[token-consumption] Daily Token Consumption Report - 2026-06-02

### Executive Summary

Over the last 24h, agentic LLM telemetry for `github/gh-aw` recorded **151,320,255 total tokens** across **5,939 model calls** spanning **142 active workflows**. However, **per-workflow token attribution is not currently possible** from this telemetry: token usage and workflow identity are emitted on two **disjoint span populations** that share no queryable join key. The headline number is therefore reported by **engine** (the only attribution dimension with 100% coverage), not by workflow.

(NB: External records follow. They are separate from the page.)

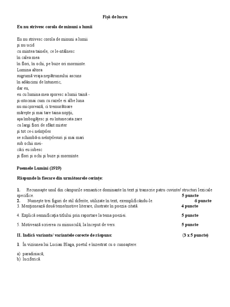 Eu nu strivesc corola de minuni a lumii. Eu nu strivesc corola de minuni a lumii şi nu ucid cu mintea tainele ce le ntâlnesc în calea mea în flori în ochi pe buze ori morminte. Lumina altora sugrumă vraja nepătrunsului ascuns în adâncimi de întuneric dar eu eu cu lumina mea sporesc a lumii taină şi ntocmai cum cu razele ei. Eu nu strivesc corola de minuni a lumii. Dacă arghezi punea în centrul artei sale poetice problema limbajului şi a cuvintelor potrivite blaga accentuează raportul dintre poet şi.
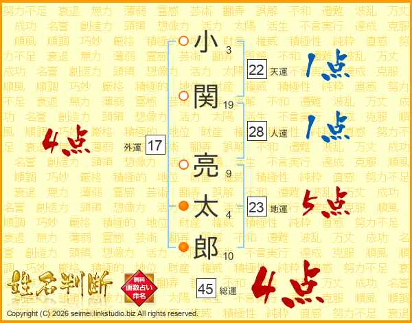 小関亮太郎さんの総運は45画の4点!
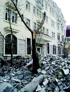 当日上午,在位于天桥区明湖西路的一座办公楼里,记者看到,大楼前面横七竖八地堆放着废弃的石灰板、废铁皮等建筑垃圾。一个工人模样的人正在大楼四楼向楼下丢一些建筑垃圾。由于从高处抛撒垃圾的缘故,大楼前面的几棵大树已经是伤痕累累,一些枝干都被垃圾给砸断了。距大楼十多米处就是居民楼,居民王先生说,该大楼装修施工已有半个月之久,而这个过程中,每天都有大量的建筑垃圾被直接从4楼或5楼的窗口抛下来。“哪有这样做的?把建筑垃圾直接扔下来,他们倒是省事,但把我们这儿弄得尘土飞扬的,我们都不敢开窗透气了。”王先生很气愤地说。居民郭女士也说,施工队有时在中午或晚上也施工,高空抛下的垃圾撞击地面产生很大的噪音,让自己的小孙子都睡不好。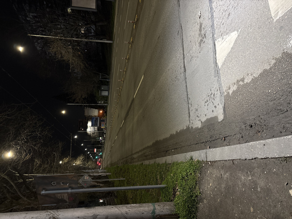 This image depicts a nighttime urban street scene on Bul. Vasil Levski in Varna, Bulgaria. The scene is illuminated by numerous streetlights, casting a yellowish glow on the asphalt road and surrounding environment, contrasting with the dark night sky. In the immediate foreground on the left, a large, cylindrical utility pole occupies the extreme edge of the frame. Adjacent to it, a narrow strip of sparse green grass borders a concrete curb, beyond which a distinct dirt line traces the edge of the road. The asphalt road surface appears damp in sections, particularly near the curb and across a discernible pedestrian crosswalk marked by fading white paint in the foreground. The road itself is a multi-lane thoroughfare, with at least two lanes visible heading into the distance, delineated by clear white painted lines. A central median separates the traffic flow, marked by a series of uniformly spaced, short, flexible bollards with red and white reflective stripes. Overhead, trolleybus wires are discernible against the dark sky. Along the left side of the road, a row of deciduous trees with bare branches extends into the background. Several metal poles stand among these trees; one pole in the midground features an unidentifiable, dark rectangular sign. On the right side of the street, further down, structures consistent with a bus stop shelter are visible, along with multiple billboards. Distant traffic lights glow green, indicating clear passage. Buildings are vaguely visible in the background on both sides, with some upper floors faintly lit on the right. No individuals or active vehicles are present in the frame, indicating low traffic activity at the time of capture.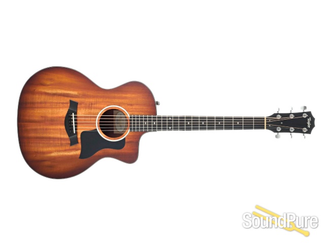 Fans of Hawaiian koa will love the look, feel and sound of this all-koa Grand Auditorium. A shaded edgeburst elevates the vintage appeal of the solid koa top, which is paired with layered koa back and sides, while a gloss finish wraps the body in a rich sheen. The Grand Auditorium’s musical versatility makes this a great all-purpose guitar for both strumming and fingerpicking, and the hardwood koa top will even out a lively attack to produce a focused, linear voice. Player-friendly modern features include a cutaway and Taylor’s ES2 acoustic electronics. Among the distinctive appointments are a single-ring faux pearl rosette in an interlocking “fishbone” pattern, black binding, Italian acrylic small diamond inlays, and chrome tuners. The guitar ships in a Taylor deluxe hardshell case.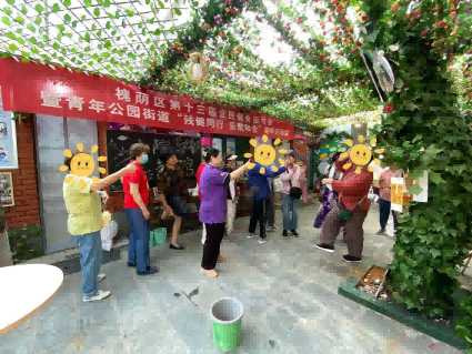 随后,一场社区运动会热烈展开。社工在和合小院及艺术走廊区域设计了大丰收、百发百中、一飞冲天三个游戏环节,通过趣味游戏的体验,参与者沉浸其中,感受通过运动为身心带来的愉悦感,这一活动不仅能让辖区残疾人感受运动带来的快乐,更是为残障群体间的交流互动创造机会,帮助他们搭建朋辈群体支持网络,帮助他们感受社区活动带来的温馨与共的环境氛围,提升残疾人社区参与度,促进社区融合。在活动过程中,社工协助青合·爱心房奶奶志愿服务队的志愿者们,通过手语来与聋哑残疾人进行交流互动,“举手投足”的比比划划,让现场充满欢声笑语,逐渐拉近了大家的距离,一个手语的“谢谢”,一个指尖传递的感激,无不体现着人与人之间相互关照的温暖。

- **Confirmed token volume:** 151.3M tokens (148.4M input / 2.9M output) — input-dominated (98.1%).
- **Top engine:** `copilot` / `github_models` = 138.7M tokens (**91.7%** of all consumption).
- **Critical observability gap:** `gh-aw.workflow.name` is `null` on **100%** of token-bearing spans; spans carrying *both* workflow name and token data = **0**.
- **Companion checks:** `errors` dataset = 0 events; `logs severity:error` = 0 events (both explicitly empty for the window).

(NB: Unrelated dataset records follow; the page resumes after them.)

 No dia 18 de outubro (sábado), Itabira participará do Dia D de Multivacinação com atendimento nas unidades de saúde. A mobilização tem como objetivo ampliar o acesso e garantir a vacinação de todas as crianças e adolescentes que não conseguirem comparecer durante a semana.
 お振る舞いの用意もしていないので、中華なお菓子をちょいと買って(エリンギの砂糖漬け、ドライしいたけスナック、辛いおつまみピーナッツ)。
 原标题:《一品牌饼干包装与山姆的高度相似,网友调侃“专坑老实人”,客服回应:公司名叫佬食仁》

> Tooling note: `search_events` (AI/NL query) was **not available** in this MCP build (no embedded LLM provider). All queries used `list_events` with direct Sentry query syntax, as designed. `get_trace_details` was not available; trace continuity was verified via `list_events` filtered by `trace:<id>` instead.

### Key Metrics

| Metric | Value |
|---|---|
| Token-bearing events analyzed (`http.client` w/ `gen_ai.usage.*`) | 5,939 |
| Workflow-tagged lifecycle events (`span.op:gen_ai*`) | 3,667 |
| Events with token data | 5,939 |
| Events with **both** workflow name **and** token data | **0** |
| Total input tokens | 148,403,809 |
| Total output tokens | 2,916,446 |
| Total tokens | 151,320,255 |
| Unique workflows observed | 142 |
| Avg tokens / token-event | 25,479 |
| P95 tokens / token-event | 63,988 |
| Max single call | 136,526 |

### Token Consumption by Engine (best available attribution — 100% coverage)

Engine totals reconcile exactly to the 5,939-span / 151,320,255-token population (no unattributed remainder).

| Engine (`gen_ai.system`) | Calls | Input Tokens | Output Tokens | Total Tokens | Avg/Call | Share |
|---|---:|---:|---:|---:|---:|---:|
| `copilot` (github_models) | 3,389 | 137,318,203 | 1,376,446 | 138,694,649 | 40,925 | 91.7% |
| `openai` (codex) | 234 | 9,934,024 | 88,537 | 10,022,561 | 42,831 | 6.6% |
| `anthropic` (claude) | 2,316 | 1,151,582 | 1,451,463 | 2,603,045 | 1,124 | 1.7% |
| **Total** | **5,939** | **148,403,809** | **2,916,446** | **151,320,255** | **25,479** | **100%** |

Notable: `anthropic` averages **1,124 tokens/call** vs **40,925** (copilot) and **42,831** (openai) — a ~36× gap. This is consistent with effective prompt caching / lean context on the Claude path versus full-context-per-call accounting on the Copilot and Codex paths, and is the single largest lever for reducing total consumption.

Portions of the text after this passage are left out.